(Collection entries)
↓↓↓

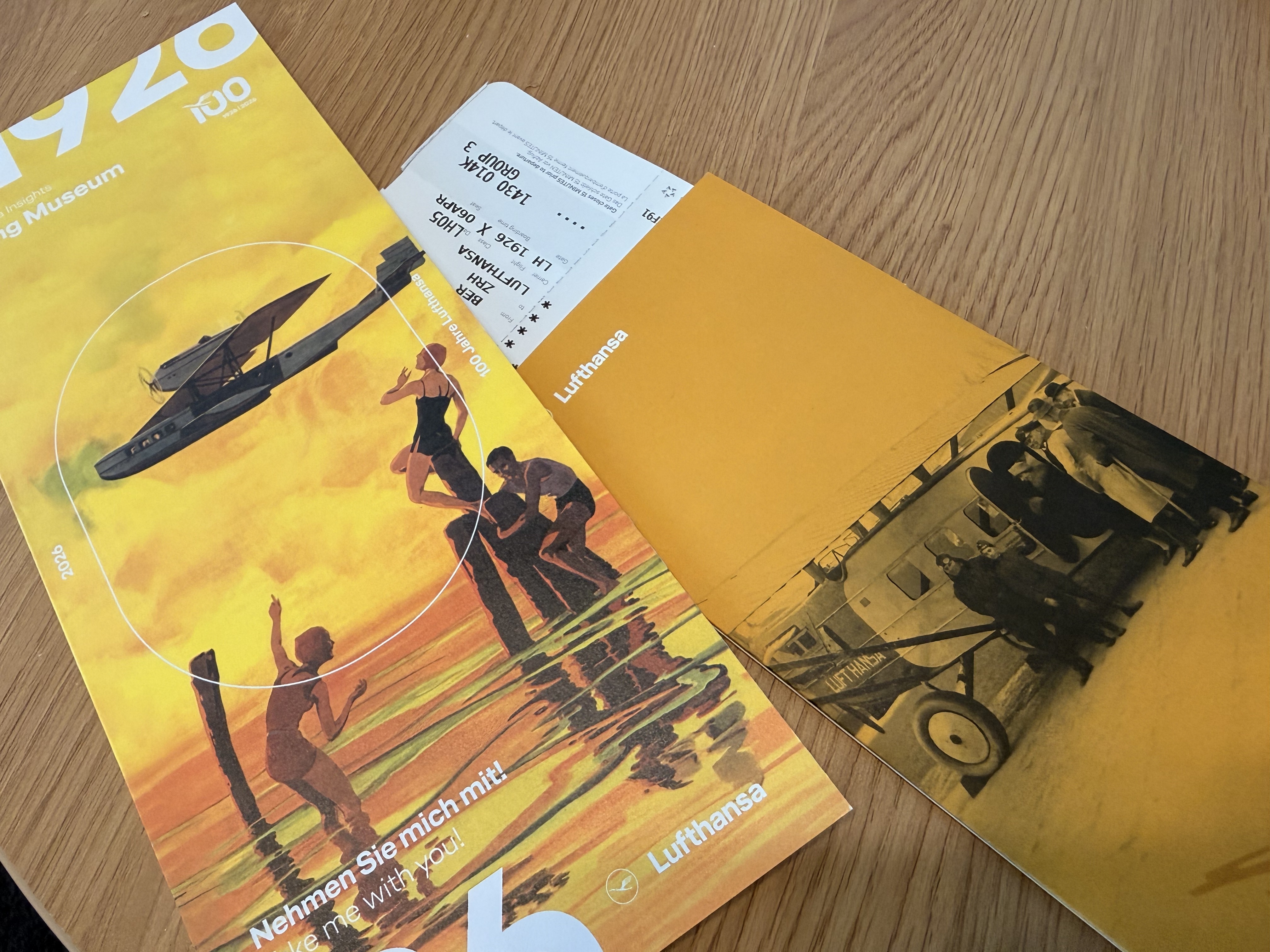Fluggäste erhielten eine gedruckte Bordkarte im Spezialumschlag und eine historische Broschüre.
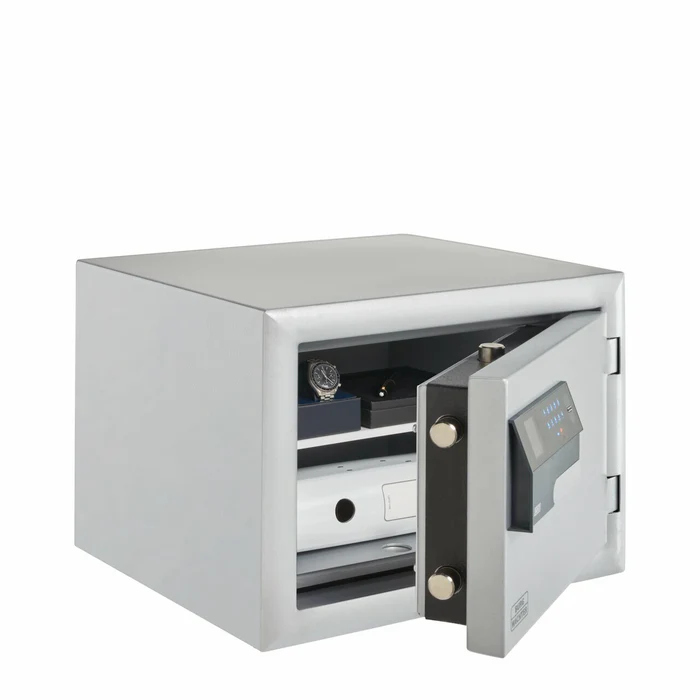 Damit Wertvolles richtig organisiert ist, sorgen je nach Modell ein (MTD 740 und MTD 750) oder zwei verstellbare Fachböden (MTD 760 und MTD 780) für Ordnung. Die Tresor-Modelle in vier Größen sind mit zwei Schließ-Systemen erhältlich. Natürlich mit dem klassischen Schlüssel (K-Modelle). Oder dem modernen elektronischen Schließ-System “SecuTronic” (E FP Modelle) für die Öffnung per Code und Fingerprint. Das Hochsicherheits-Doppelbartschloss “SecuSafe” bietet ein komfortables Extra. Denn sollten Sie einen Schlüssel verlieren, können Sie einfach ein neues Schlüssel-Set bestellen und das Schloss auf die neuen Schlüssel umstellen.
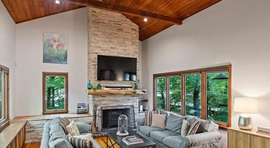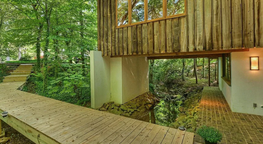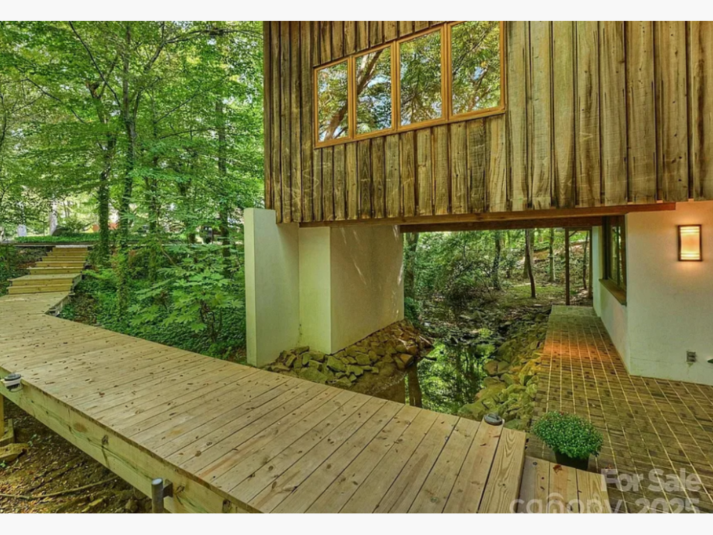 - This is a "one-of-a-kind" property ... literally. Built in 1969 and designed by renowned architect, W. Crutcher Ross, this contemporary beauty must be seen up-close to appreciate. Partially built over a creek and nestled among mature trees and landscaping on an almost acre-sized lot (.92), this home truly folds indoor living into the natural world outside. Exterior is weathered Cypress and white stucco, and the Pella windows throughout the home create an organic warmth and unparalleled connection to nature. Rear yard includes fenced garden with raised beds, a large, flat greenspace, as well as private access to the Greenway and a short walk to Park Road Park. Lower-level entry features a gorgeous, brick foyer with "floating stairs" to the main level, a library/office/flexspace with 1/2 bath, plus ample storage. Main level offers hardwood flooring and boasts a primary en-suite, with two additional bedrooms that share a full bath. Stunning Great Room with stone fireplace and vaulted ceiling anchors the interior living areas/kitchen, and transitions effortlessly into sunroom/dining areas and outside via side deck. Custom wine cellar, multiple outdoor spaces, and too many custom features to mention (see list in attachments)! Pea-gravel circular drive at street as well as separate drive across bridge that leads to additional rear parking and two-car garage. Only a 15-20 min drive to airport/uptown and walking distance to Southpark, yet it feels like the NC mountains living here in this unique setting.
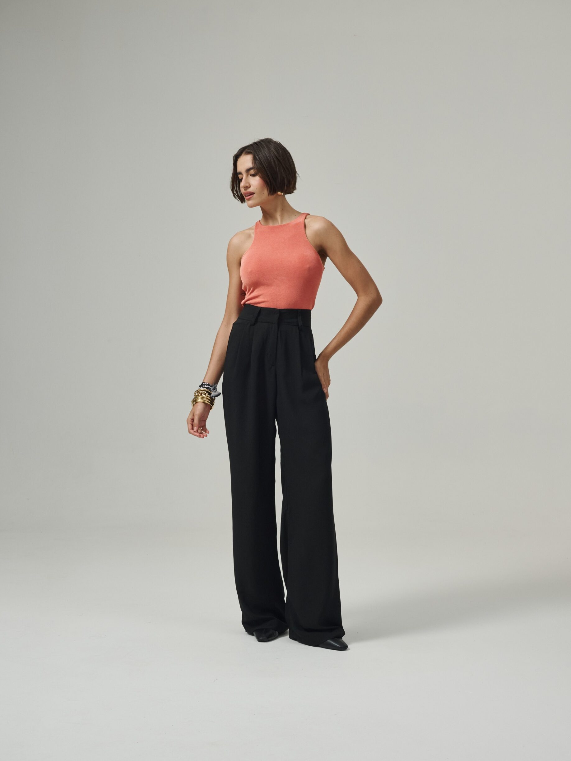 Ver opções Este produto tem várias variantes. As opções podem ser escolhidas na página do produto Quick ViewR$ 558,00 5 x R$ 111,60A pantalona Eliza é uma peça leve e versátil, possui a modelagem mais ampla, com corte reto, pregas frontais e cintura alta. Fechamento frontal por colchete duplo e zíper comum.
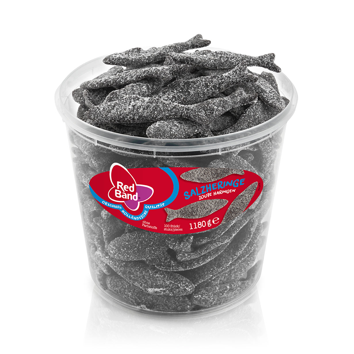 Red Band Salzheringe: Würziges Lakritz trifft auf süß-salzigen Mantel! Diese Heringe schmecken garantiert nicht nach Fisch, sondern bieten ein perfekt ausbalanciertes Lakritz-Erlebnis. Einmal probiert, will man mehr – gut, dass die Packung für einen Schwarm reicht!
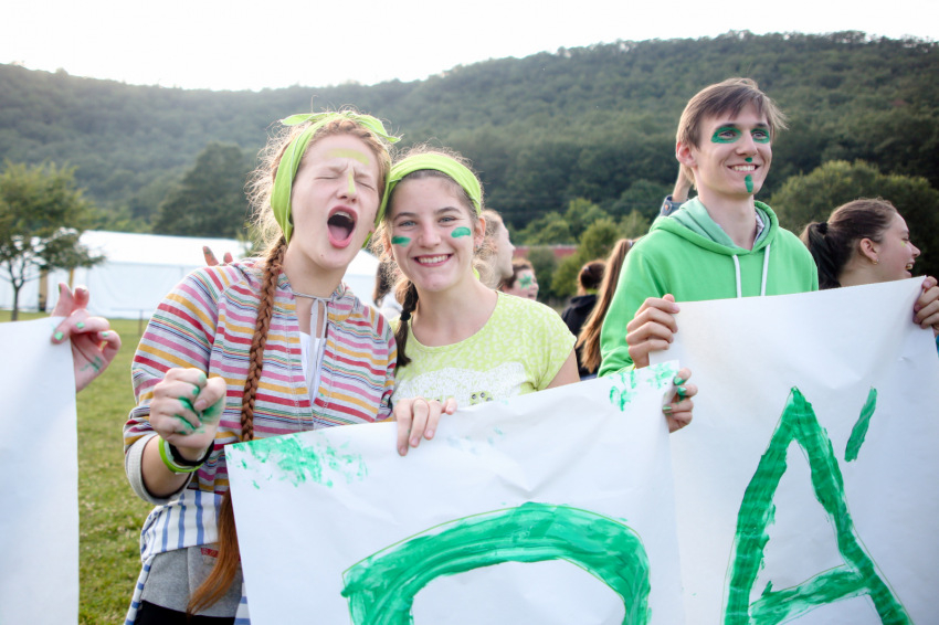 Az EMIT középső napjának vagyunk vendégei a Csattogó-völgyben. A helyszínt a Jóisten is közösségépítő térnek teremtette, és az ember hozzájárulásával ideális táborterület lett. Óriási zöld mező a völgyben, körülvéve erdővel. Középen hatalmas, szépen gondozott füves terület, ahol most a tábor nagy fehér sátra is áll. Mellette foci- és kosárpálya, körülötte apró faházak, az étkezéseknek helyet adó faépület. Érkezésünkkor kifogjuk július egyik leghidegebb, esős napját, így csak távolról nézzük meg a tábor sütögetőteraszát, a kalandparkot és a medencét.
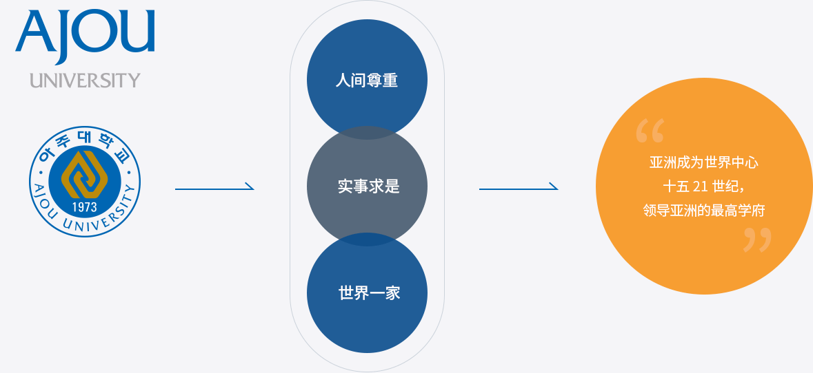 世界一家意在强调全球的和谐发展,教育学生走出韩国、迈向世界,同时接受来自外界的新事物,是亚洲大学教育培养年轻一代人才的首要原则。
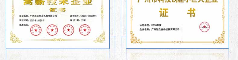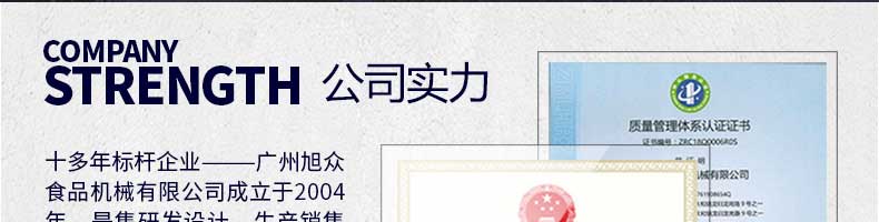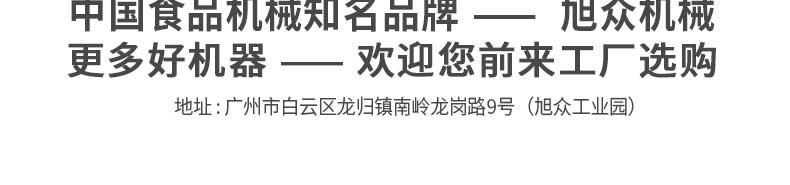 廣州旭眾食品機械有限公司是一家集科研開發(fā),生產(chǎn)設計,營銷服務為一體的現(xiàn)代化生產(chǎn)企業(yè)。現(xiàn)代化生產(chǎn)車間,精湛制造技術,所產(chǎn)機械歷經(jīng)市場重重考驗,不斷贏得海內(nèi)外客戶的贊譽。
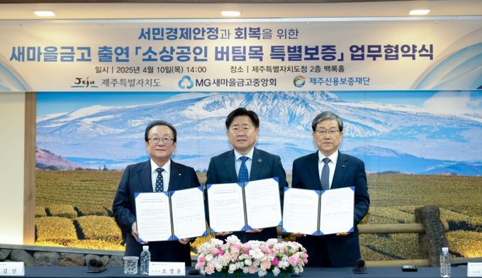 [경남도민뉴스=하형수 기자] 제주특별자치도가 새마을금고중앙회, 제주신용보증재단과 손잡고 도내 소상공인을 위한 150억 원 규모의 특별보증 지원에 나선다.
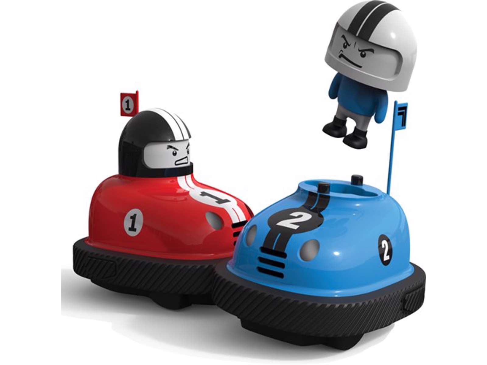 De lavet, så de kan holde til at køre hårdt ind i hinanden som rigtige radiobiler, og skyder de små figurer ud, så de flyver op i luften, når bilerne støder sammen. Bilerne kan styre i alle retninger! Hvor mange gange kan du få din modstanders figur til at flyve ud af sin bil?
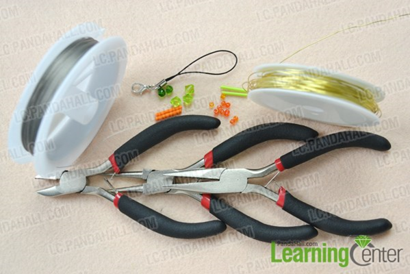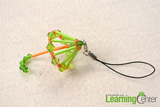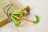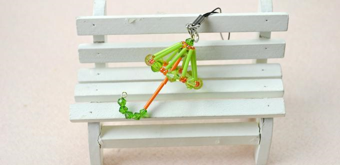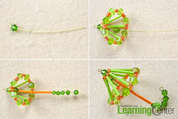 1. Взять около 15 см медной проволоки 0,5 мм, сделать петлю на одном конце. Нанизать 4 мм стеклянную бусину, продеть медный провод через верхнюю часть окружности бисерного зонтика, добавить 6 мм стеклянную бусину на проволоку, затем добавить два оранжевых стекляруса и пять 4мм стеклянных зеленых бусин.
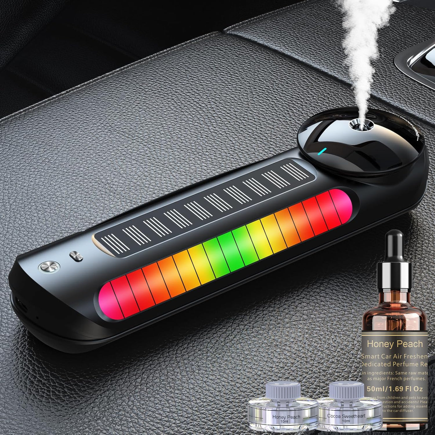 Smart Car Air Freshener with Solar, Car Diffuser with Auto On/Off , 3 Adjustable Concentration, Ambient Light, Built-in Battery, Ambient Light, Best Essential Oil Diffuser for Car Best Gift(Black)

↑↑↑

### [EXERCISE]
Transcribe each of the records above precisely, with no pictures in the copy.

### [REPLY TO THE TASK]
Fluggäste erhielten eine gedruckte Bordkarte im Spezialumschlag und eine historische Broschüre.
 Damit Wertvolles richtig organisiert ist, sorgen je nach Modell ein (MTD 740 und MTD 750) oder zwei verstellbare Fachböden (MTD 760 und MTD 780) für Ordnung. Die Tresor-Modelle in vier Größen sind mit zwei Schließ-Systemen erhältlich. Natürlich mit dem klassischen Schlüssel (K-Modelle). Oder dem modernen elektronischen Schließ-System “SecuTronic” (E FP Modelle) für die Öffnung per Code und Fingerprint. Das Hochsicherheits-Doppelbartschloss “SecuSafe” bietet ein komfortables Extra. Denn sollten Sie einen Schlüssel verlieren, können Sie einfach ein neues Schlüssel-Set bestellen und das Schloss auf die neuen Schlüssel umstellen.
 - This is a "one-of-a-kind" property ... literally. Built in 1969 and designed by renowned architect, W. Crutcher Ross, this contemporary beauty must be seen up-close to appreciate. Partially built over a creek and nestled among mature trees and landscaping on an almost acre-sized lot (.92), this home truly folds indoor living into the natural world outside. Exterior is weathered Cypress and white stucco, and the Pella windows throughout the home create an organic warmth and unparalleled connection to nature. Rear yard includes fenced garden with raised beds, a large, flat greenspace, as well as private access to the Greenway and a short walk to Park Road Park. Lower-level entry features a gorgeous, brick foyer with "floating stairs" to the main level, a library/office/flexspace with 1/2 bath, plus ample storage. Main level offers hardwood flooring and boasts a primary en-suite, with two additional bedrooms that share a full bath. Stunning Great Room with stone fireplace and vaulted ceiling anchors the interior living areas/kitchen, and transitions effortlessly into sunroom/dining areas and outside via side deck. Custom wine cellar, multiple outdoor spaces, and too many custom features to mention (see list in attachments)! Pea-gravel circular drive at street as well as separate drive across bridge that leads to additional rear parking and two-car garage. Only a 15-20 min drive to airport/uptown and walking distance to Southpark, yet it feels like the NC mountains living here in this unique setting.
 Ver opções Este produto tem várias variantes. As opções podem ser escolhidas na página do produto Quick ViewR$ 558,00 5 x R$ 111,60A pantalona Eliza é uma peça leve e versátil, possui a modelagem mais ampla, com corte reto, pregas frontais e cintura alta. Fechamento frontal por colchete duplo e zíper comum.
 Red Band Salzheringe: Würziges Lakritz trifft auf süß-salzigen Mantel! Diese Heringe schmecken garantiert nicht nach Fisch, sondern bieten ein perfekt ausbalanciertes Lakritz-Erlebnis. Einmal probiert, will man mehr – gut, dass die Packung für einen Schwarm reicht!
 Az EMIT középső napjának vagyunk vendégei a Csattogó-völgyben. A helyszínt a Jóisten is közösségépítő térnek teremtette, és az ember hozzájárulásával ideális táborterület lett. Óriási zöld mező a völgyben, körülvéve erdővel. Középen hatalmas, szépen gondozott füves terület, ahol most a tábor nagy fehér sátra is áll. Mellette foci- és kosárpálya, körülötte apró faházak, az étkezéseknek helyet adó faépület. Érkezésünkkor kifogjuk július egyik leghidegebb, esős napját, így csak távolról nézzük meg a tábor sütögetőteraszát, a kalandparkot és a medencét.
 世界一家意在强调全球的和谐发展,教育学生走出韩国、迈向世界,同时接受来自外界的新事物,是亚洲大学教育培养年轻一代人才的首要原则。
 廣州旭眾食品機械有限公司是一家集科研開發(fā),生產(chǎn)設計,營銷服務為一體的現(xiàn)代化生產(chǎn)企業(yè)。現(xiàn)代化生產(chǎn)車間,精湛制造技術,所產(chǎn)機械歷經(jīng)市場重重考驗,不斷贏得海內(nèi)外客戶的贊譽。
 [경남도민뉴스=하형수 기자] 제주특별자치도가 새마을금고중앙회, 제주신용보증재단과 손잡고 도내 소상공인을 위한 150억 원 규모의 특별보증 지원에 나선다.
 De lavet, så de kan holde til at køre hårdt ind i hinanden som rigtige radiobiler, og skyder de små figurer ud, så de flyver op i luften, når bilerne støder sammen. Bilerne kan styre i alle retninger! Hvor mange gange kan du få din modstanders figur til at flyve ud af sin bil?
 1. Взять около 15 см медной проволоки 0,5 мм, сделать петлю на одном конце. Нанизать 4 мм стеклянную бусину, продеть медный провод через верхнюю часть окружности бисерного зонтика, добавить 6 мм стеклянную бусину на проволоку, затем добавить два оранжевых стекляруса и пять 4мм стеклянных зеленых бусин.
 Smart Car Air Freshener with Solar, Car Diffuser with Auto On/Off , 3 Adjustable Concentration, Ambient Light, Built-in Battery, Ambient Light, Best Essential Oil Diffuser for Car Best Gift(Black)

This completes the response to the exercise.